+++ Records for this exercise

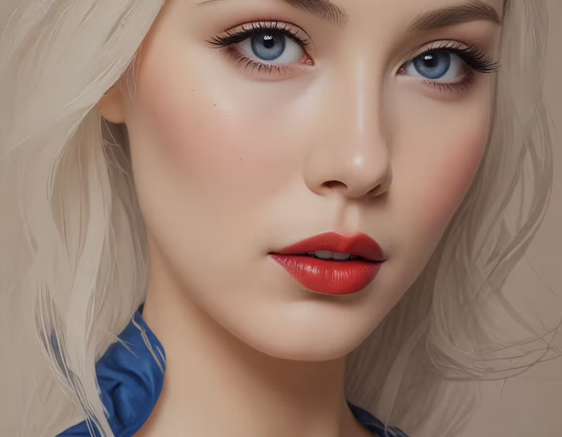 High resolution picture, free to use, a painting of a woman with red lipstick
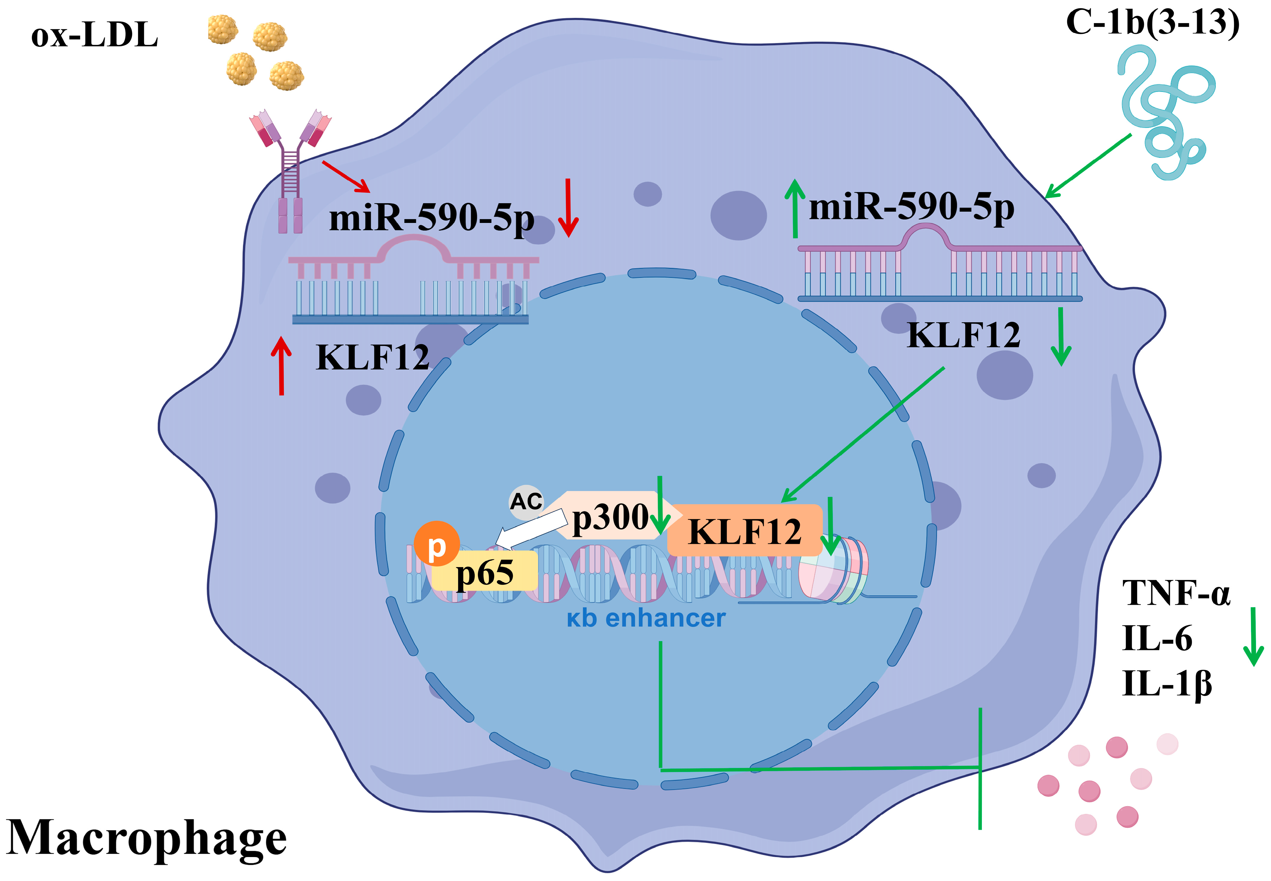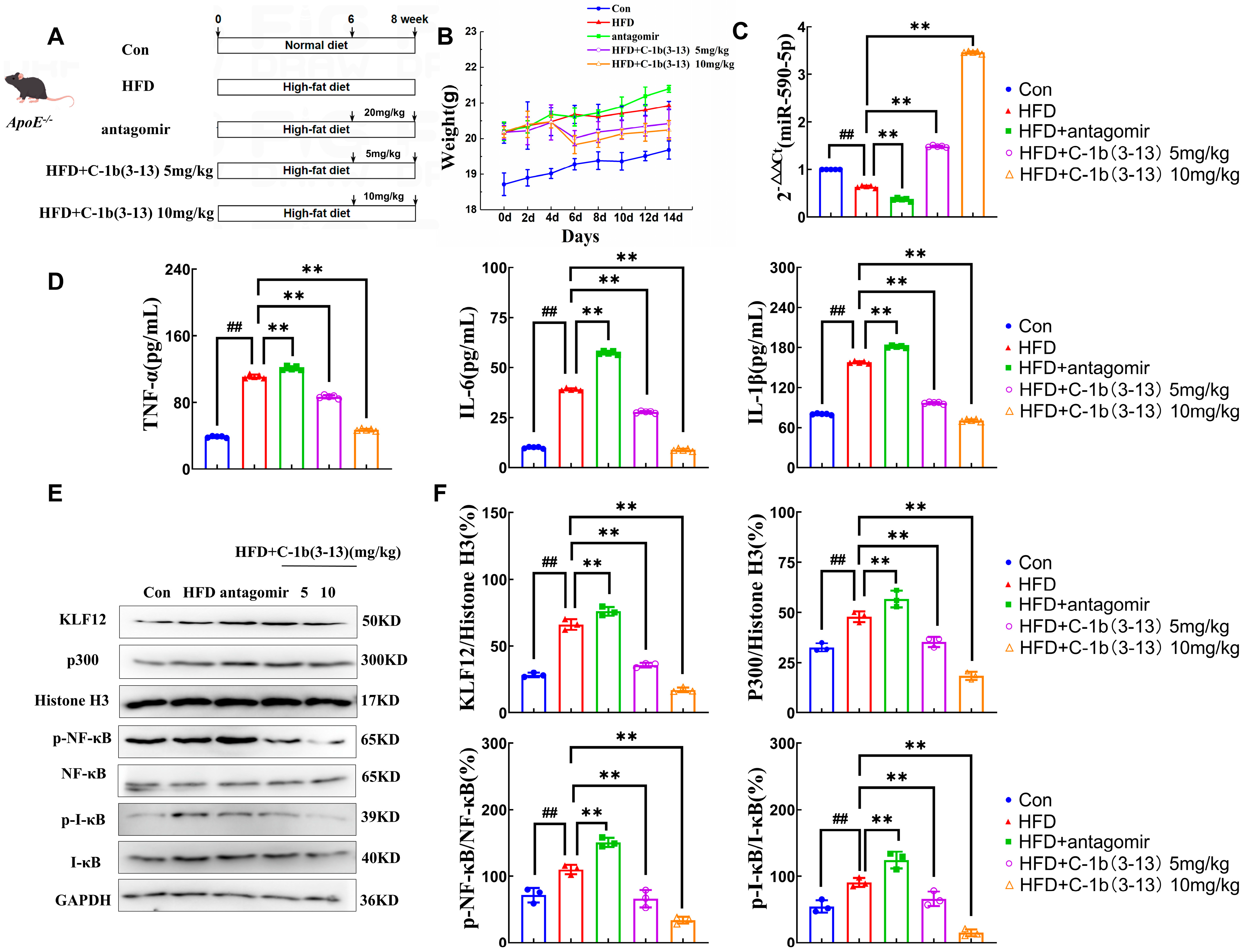 2.5. AMP C-1b(3-13) Inhibits AS in ApoE−/− Mice via the miR-590-5p/KLF12/p300 Axis
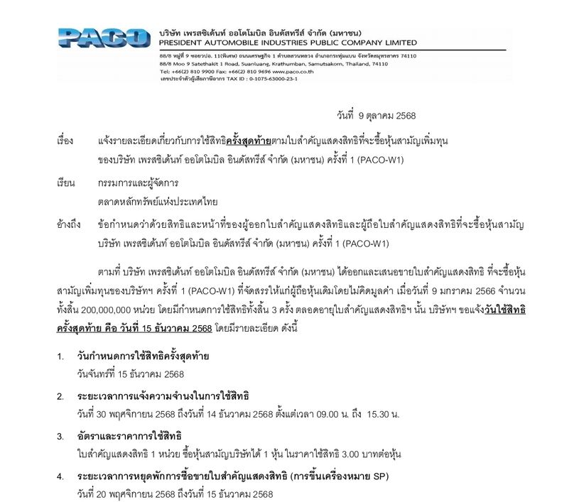 | PACO | 12/11/25 | 1.33 | (#TH) PACO เร่งคุมต้นทุน หนุนงบสวยโต 41% |
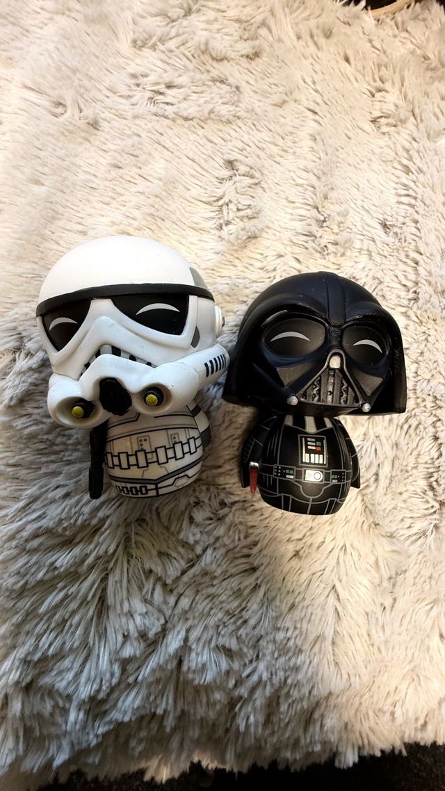 Dos figuras Funko Pop de Star Wars, un Stormtrooper y Darth Vader. - Figura de Stormtrooper. - Figura de Darth Vader.
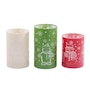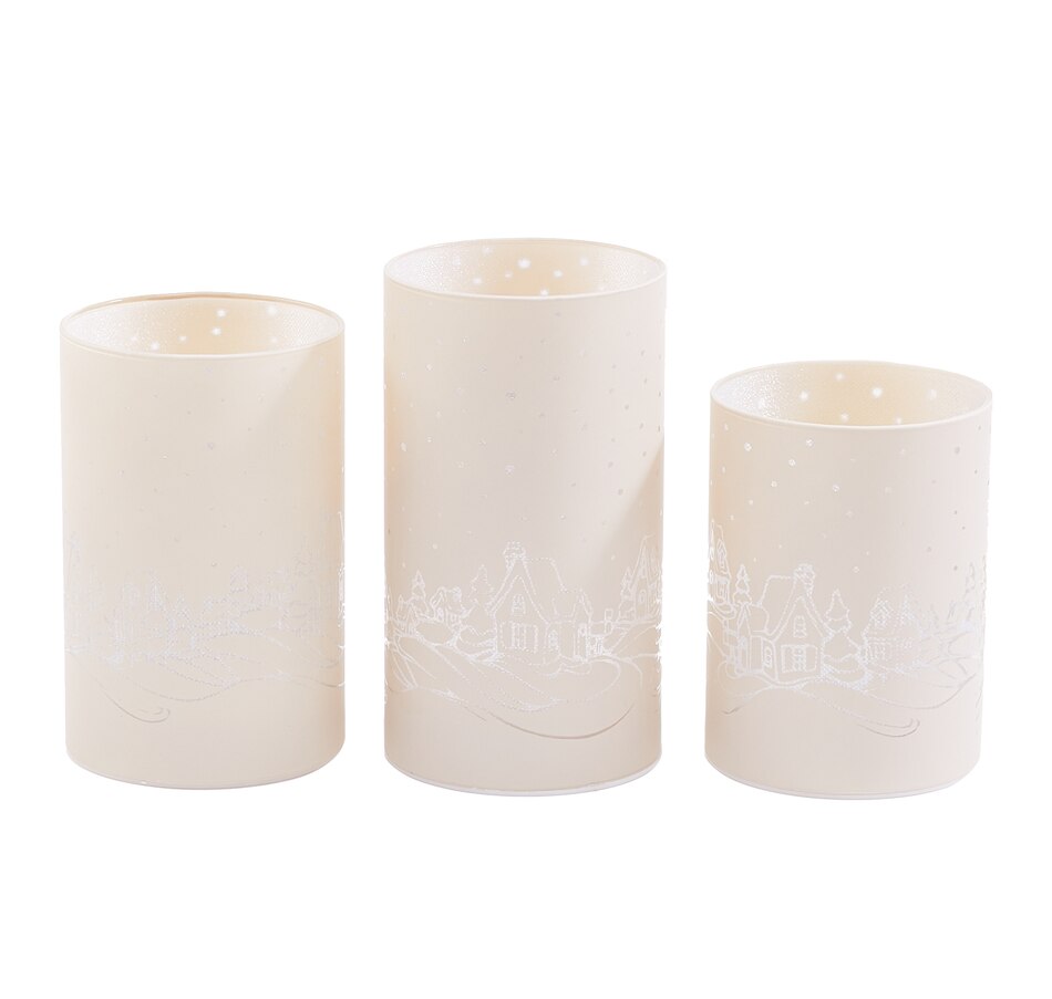 Add the perfect touch of warm ambience to your home with these stunning glass hurricanes from temp-tations. Iconic holiday patterns are beautifully etched into these rich matte glass cylinders, which are accented with soft white built-in LEDs that operate on an automatic six-hour timer. The staggered heights of this glass trio allow you to decorate like a professional, whether you choose to group them together or spread them throughout your home.

++++++

■ **Required action**:
Word for word, give back each entry from above, but skip any picture.

■ **Completed task**:
 High resolution picture, free to use, a painting of a woman with red lipstick
 2.5. AMP C-1b(3-13) Inhibits AS in ApoE−/− Mice via the miR-590-5p/KLF12/p300 Axis
 | PACO | 12/11/25 | 1.33 | (#TH) PACO เร่งคุมต้นทุน หนุนงบสวยโต 41% |
 Dos figuras Funko Pop de Star Wars, un Stormtrooper y Darth Vader. - Figura de Stormtrooper. - Figura de Darth Vader.
 Add the perfect touch of warm ambience to your home with these stunning glass hurricanes from temp-tations. Iconic holiday patterns are beautifully etched into these rich matte glass cylinders, which are accented with soft white built-in LEDs that operate on an automatic six-hour timer. The staggered heights of this glass trio allow you to decorate like a professional, whether you choose to group them together or spread them throughout your home.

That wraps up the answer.